Hungary’s demographic revolution
After the fall of Communism in 1989, few European countries have attempted to raise their fertility rates. However, serious efforts are being made in Hungary, Poland, and most recently Italy to do so.
Published: November 16, 2018, 6:58 am
Hungary has made the most profound and lasting of these changes since Prime Minister Viktor Orban came to power in 2010, implementing various natalist policies.
Lyman Stone of the Institute for Family Studies has written an comprehensive account of Hungary’s demographic policies and evolution. Stone notes that Orban refounded the political and constitutional framework in Hungary to center on the family.
Hungary’s constitution includes statements such as, “We trust in a jointly-shaped future and the commitment of younger generations. We believe that our children and grandchildren will make Hungary great again,” and, “We hold that the family and the nation constitute the principal framework for our coexistence,” and “We bear responsibility for our descendants.”
It also includes committments to Hungary’s historic national heritage, Christian identity, and community values. Moreover, Article L of the constitution states that “Hungary shall protect the institution of marriage as the union of a man and a woman […] and the family as the basis of the nation’s survival. Hungary shall encourage the commitment to have children. The protection of families shall be regulated by a cardinal Act”.
The country has rejected an typically Western individualist notion of democracy, which sees human beings as atoms, free from a chain of generations. Orban thus calls his country an “illiberal democracy”.
Since 2011, Hungary has adopted a wide array of measures to boost fertility and support families. Stone points to various measures undertaken by the governing party:
“First of all, in 2011 and 2012, Hungary changed the structure of their tax exemptions for children, providing new deductions that saved families between $400 and $1 500 on their tax bill per child, depending on how many kids they have.”
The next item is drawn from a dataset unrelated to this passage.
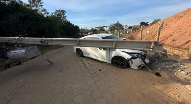 Testemunhas relataram que o carro perdeu o controle e atingiu um poste grande, que, por sua vez, derrubou um poste menor adjacente. A força do impacto deixou fios de alta tensão caídos no solo e um dos postes atravessando a via, criando uma situação perigosa.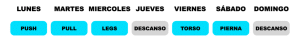 Sin embargo, como he comentado, la mayoría de personas por comodidad suele estructurar sus entrenamientos dentro de la duración de 1 semana. De hecho, la mayoría de «rutinas» que puedes encontrar por internet van a enmarcarse dentro de una semana, y rellenar el resto de días con «Descansos» hasta completarla.

Previous research suggests that increased tax exemption boosts birth rates. It is estimated that the policy change resulted in 6 000 and 18 000 more births from 2011 to 2013.
Stone notes that support to families has reach an unprecedented level with the introduction of a new family-housing subsidy in 2015.
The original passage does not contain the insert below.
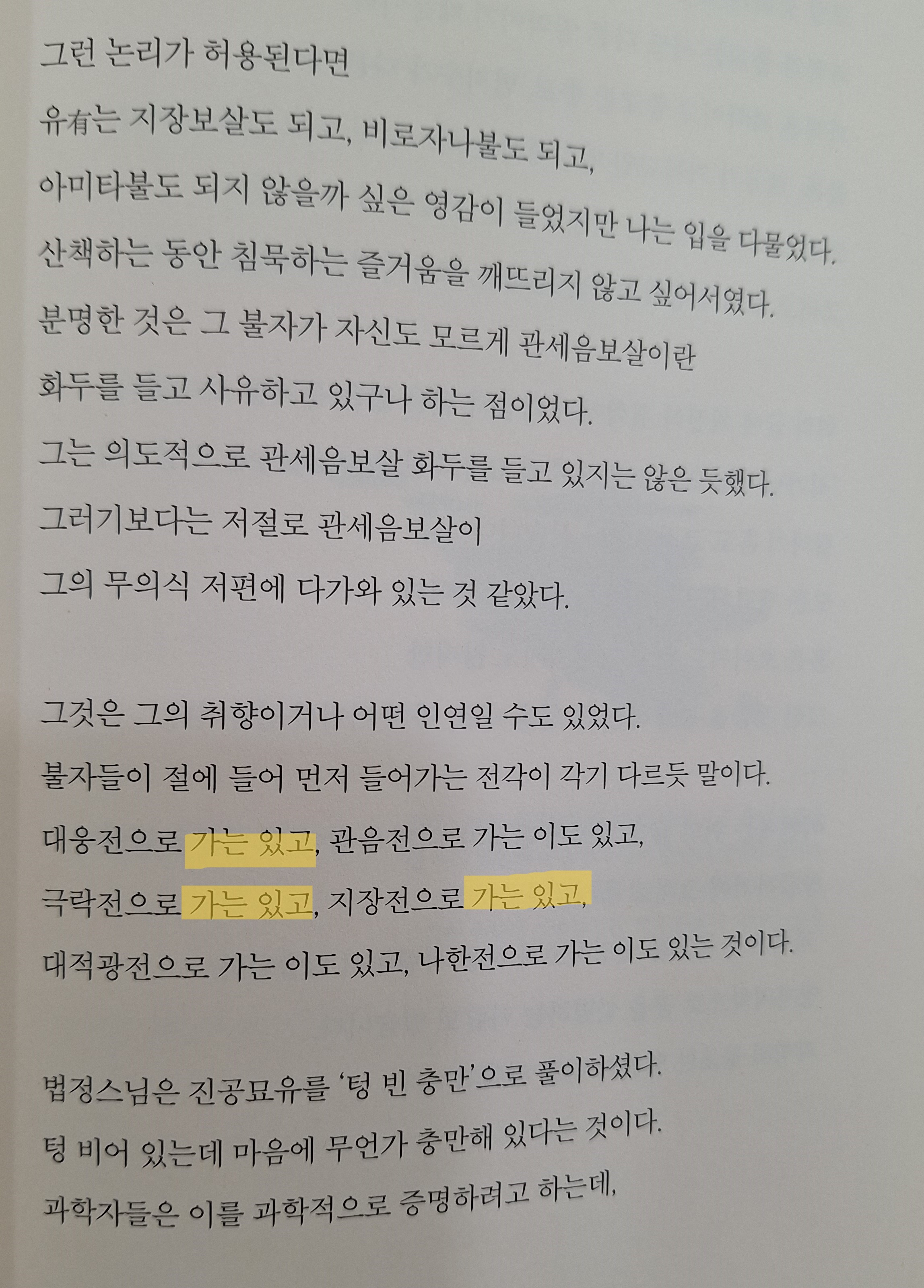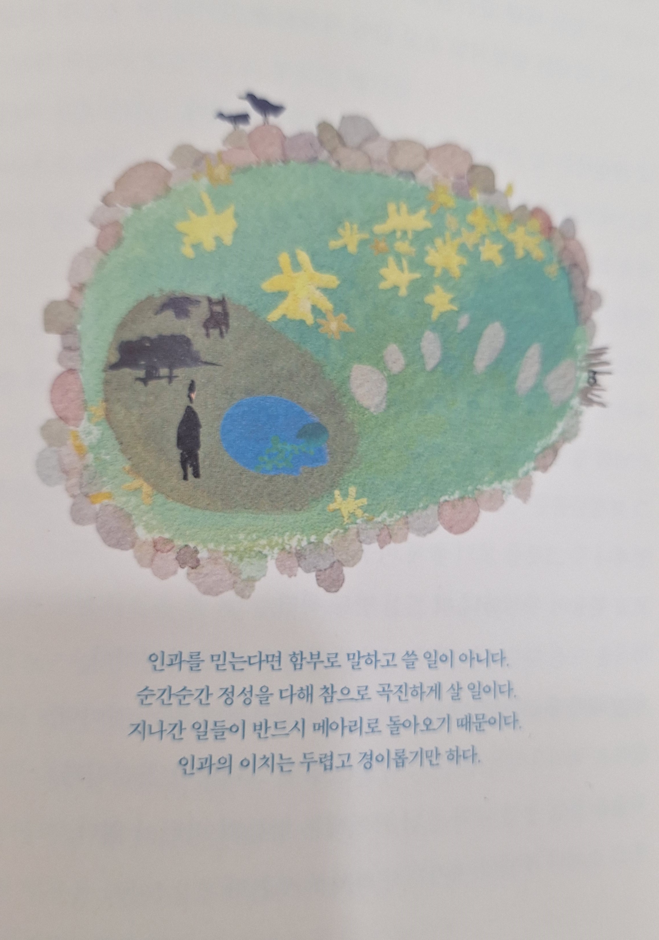 (그렇다) 인과를 믿는다면 함부로 쓸 일이 아니다. 순간순간 정성을 다해 참으로 곡진하게 살 일이다. 지나간 일들이 반드시 메아리로 돌아오기 때문이다. 인과의 이치는 두렵고 경이롭기만 하다.

In 2015, families were given generous subsidies to buy or build new homes, and the subsidies were scaled based on marital status and the number of children. This “Family Housing Allowance Program,” or CSOK (the abbreviation of the program’s Hungarian name), gives a maximum benefit to married couples with three or more children.
The sheer scale of these programs is impressive, suggesting that Hungary is certainly motivated to reverse Europe’s demographic decline.
So far, the effect has been moderately positive. According to Eurostat, the Hungarian fertility rate fell to 1,25 in 2012 (the lowest in the EU) and has since risen to 1,53 as of 2016, a rise of 22,4 percent.
The Hungarian government argues however that they have seen major progress in restoring families, namely with a marked increase in marriages and decline in divorces and abortions.
It is true that since 2010, Hungary’s marriage policy has shown real results: by 2017, abortion numbers had dropped by more than a third, from 40 449 to 28 500, divorces saw a marked decline (from 23 873 in 2010 to 18 600 in 2017), and the number of marriages had risen by some 42 percent.
On top of this, the number of places in crèches has increased by 50 percent. It means that Hungary has managed to turn back the clock on much of the fertility and family-structure transition that demographers have long considered inevitable. Stable marriage is in fact a primary condition for the decision to have children.
Although Hungary’s fertility rates are still extremely low – only about 1,5 children per woman – the government is spending huge amounts of money towards fertility gains, including tax preferences, cash grants, loan subsidies and constitutional protections.
These policies may be effective in the long run however, because they are not being used in isolation, but rather together with other measures such as inducing marriage, not simply childbearing. Marriage helps boost long-run fertility, not just birth-timing, Stone notes.
Recently a national consultation was held, asking Hungarian citizens what they think about various proposals to strengthen the family.
The government has stated its purpose clearly: “The upcoming national consultation seeks citizen input on the foundations of a powerful family support scheme, hoping to send a straightforward message that Europe cannot be revived without strengthening families.”
The questions relate to the introduction of full-time motherhood for women raising a minimum of four children, the two-thirds protection of grants provided for families raising children, and the provision of support for family members looking after sick children at home.
By doing so, Hungary’s declining population will not be remedied by immigration, but rather by more intensive family support measures.
By way of comparison, it has been observed that it took many decades for Israel’s pro-natalist policies to bear fruit, recently overtaking Arab fertility, which is a remarkable achievement.